Database Credentialed Access
Published: Sept. 19, 2019. Version: 2.0.0
MIMIC-CXR paper published! (Feb. 10, 2020, 4:06 p.m.)
A journal article describing the MIMIC-CXR database was recently published in Scientific Data. The article provides detail regarding the collection, curation, and processing done in order to create the database. The article is open access and available online .
The database has also been preprocessed into compressed JPG format images, which have been made available on PhysioNet as the MIMIC-CXR-JPG Database. The database includes labels extracted from the free-text reports using publicly available tools. You can read more about the creation of this resource in our arXiv preprint .

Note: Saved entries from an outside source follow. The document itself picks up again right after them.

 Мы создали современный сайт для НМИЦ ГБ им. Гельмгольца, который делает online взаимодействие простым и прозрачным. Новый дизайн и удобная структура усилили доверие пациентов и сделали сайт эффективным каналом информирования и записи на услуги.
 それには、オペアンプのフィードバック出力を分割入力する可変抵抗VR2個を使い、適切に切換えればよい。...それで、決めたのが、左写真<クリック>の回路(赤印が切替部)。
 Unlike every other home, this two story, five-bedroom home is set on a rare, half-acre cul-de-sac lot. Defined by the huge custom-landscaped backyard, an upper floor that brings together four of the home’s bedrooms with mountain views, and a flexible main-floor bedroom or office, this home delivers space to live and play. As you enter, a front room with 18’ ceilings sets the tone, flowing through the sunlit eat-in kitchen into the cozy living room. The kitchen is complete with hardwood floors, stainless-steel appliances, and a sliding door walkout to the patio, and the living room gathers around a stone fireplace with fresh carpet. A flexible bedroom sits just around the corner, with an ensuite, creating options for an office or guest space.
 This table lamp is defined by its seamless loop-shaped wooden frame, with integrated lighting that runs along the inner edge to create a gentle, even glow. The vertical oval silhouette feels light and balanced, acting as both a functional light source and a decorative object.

Finally, we have created the mimic-cxr GitHub repository for collaborative code development on MIMIC-CXR . The code used to generate MIMIC-CXR-JPG from MIMIC-CXR is available in the repository already. We welcome code contributions from all users, and we encourage discussion of the data via the GitHub issues.
 Johnson AE, Pollard TJ, Berkowitz SJ, Greenbaum NR, Lungren MP, Deng CY, Mark RG, Horng S. MIMIC-CXR, a de-identified publicly available database of chest radiographs with free-text reports. Scientific Data. 2019;6.

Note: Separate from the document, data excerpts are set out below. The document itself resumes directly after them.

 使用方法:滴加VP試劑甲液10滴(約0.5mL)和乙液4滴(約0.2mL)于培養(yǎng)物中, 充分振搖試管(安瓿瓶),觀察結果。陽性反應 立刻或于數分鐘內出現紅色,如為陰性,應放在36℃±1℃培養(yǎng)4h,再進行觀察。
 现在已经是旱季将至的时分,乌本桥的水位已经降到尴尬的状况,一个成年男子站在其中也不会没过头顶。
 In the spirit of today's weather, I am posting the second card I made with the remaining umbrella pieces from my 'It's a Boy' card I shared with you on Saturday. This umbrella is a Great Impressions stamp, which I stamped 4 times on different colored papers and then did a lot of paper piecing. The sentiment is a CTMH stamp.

 Johnson AE, Pollard TJ, Greenbaum NR, Lungren MP, Deng C-Y, Peng Y, Lu Z, Mark RG, Berkowitz SJ, Horng S. MIMIC-CXR-JPG, a large publicly available database of labeled chest radiographs. arXiv preprint arXiv:1901.07042. 2019.
Johnson, A., Pollard, T., Mark, R., Berkowitz, S., Horng, S. (2019). MIMIC-CXR Database (version 2.0.0). PhysioNet. https://doi.org/10.13026/C2JT1QAdditionally, please cite the original publication:
Johnson, A.E.W., Pollard, T.J., Berkowitz, S.J. et al. MIMIC-CXR, a de-identified publicly available database of chest radiographs with free-text reports. Sci Data 6, 317 (2019). https://doi.org/10.1038/s41597-019-0322-0Please include the standard citation for PhysioNet:
Goldberger AL, Amaral LAN, Glass L, Hausdorff JM, Ivanov PCh, Mark RG, Mietus JE, Moody GB, Peng C-K, Stanley HE. PhysioBank, PhysioToolkit, and PhysioNet: Components of a New Research Resource for Complex Physiologic Signals (2003). Circulation. 101(23):e215-e220.

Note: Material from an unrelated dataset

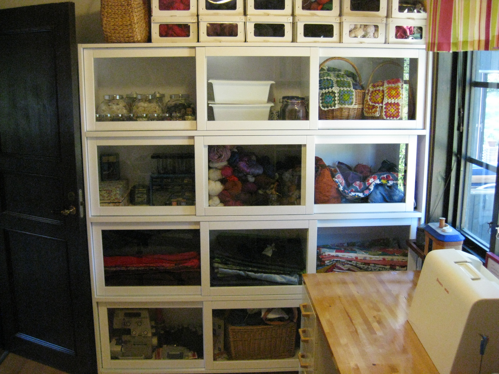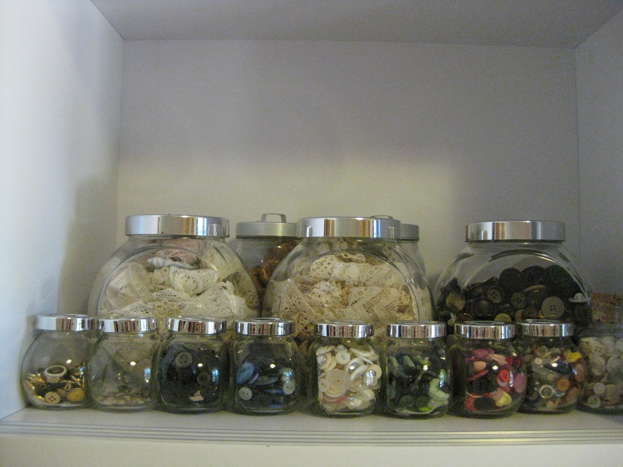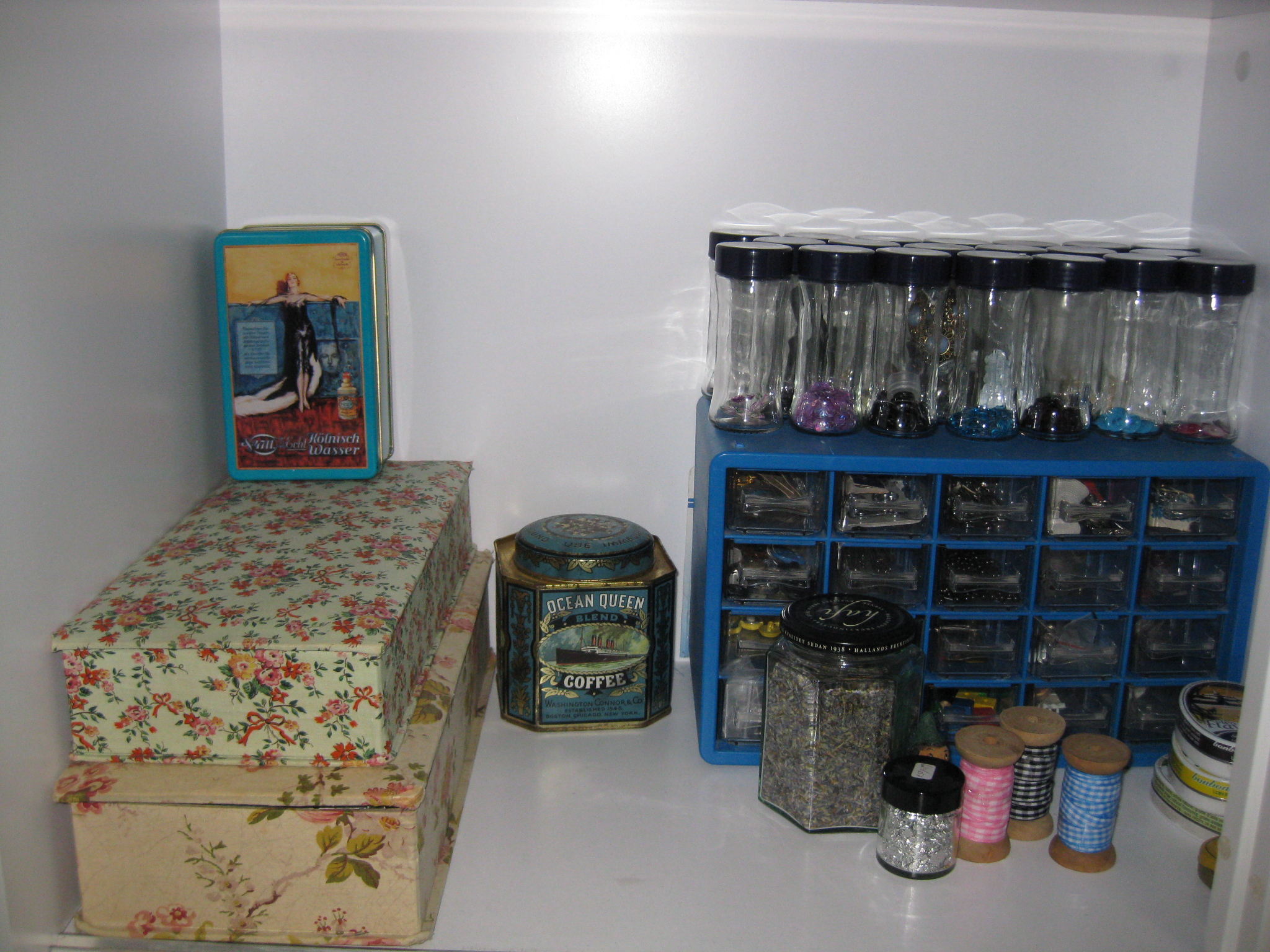 Band i tygklädda lådorna till vänster, knappnålar i gamla kaffeburken och paljetter och knappar i kryddburkar jag sparat.

The MIMIC Chest X-ray (MIMIC-CXR) Database v2.0.0 is a large publicly available dataset of chest radiographs in DICOM format with free-text radiology reports. The dataset contains 377,110 images corresponding to 227,835 radiographic studies performed at the Beth Israel Deaconess Medical Center in Boston, MA. The dataset is de-identified to satisfy the US Health Insurance Portability and Accountability Act of 1996 (HIPAA) Safe Harbor requirements. Protected health information (PHI) has been removed. The dataset is intended to support a wide body of research in medicine including image understanding, natural language processing, and decision support.
Chest radiography is a common imaging modality used to assess the thorax and the most common medical imaging study in the world. Chest radiographs are used to identify acute and chronic cardiopulmonary conditions, verify that devices such as pacemakers, central lines, and tubes are correctly positioned, and to assist in related medical workups. In the U.S., the number of radiologists as a percentage of the physician workforce is decreasing . and the geographic distribution of radiologists favors larger, more urban counties . Delays and backlogs in timely medical imaging interpretation have demonstrably reduced care quality in such large health organizations as the U.K. National Health Service  and the U.S. Department of Veterans Affairs . The situation is even worse in resource-poor areas, where radiology services are extremely scarce. As of 2015, only 11 radiologists served the 12 million people of Rwanda , while the entire country of Liberia, with a population of four million, had only two practicing radiologists . Accurate automated analysis of radiographs has the potential to improve the efficiency of radiologist workflow and extend expertise to under-served regions.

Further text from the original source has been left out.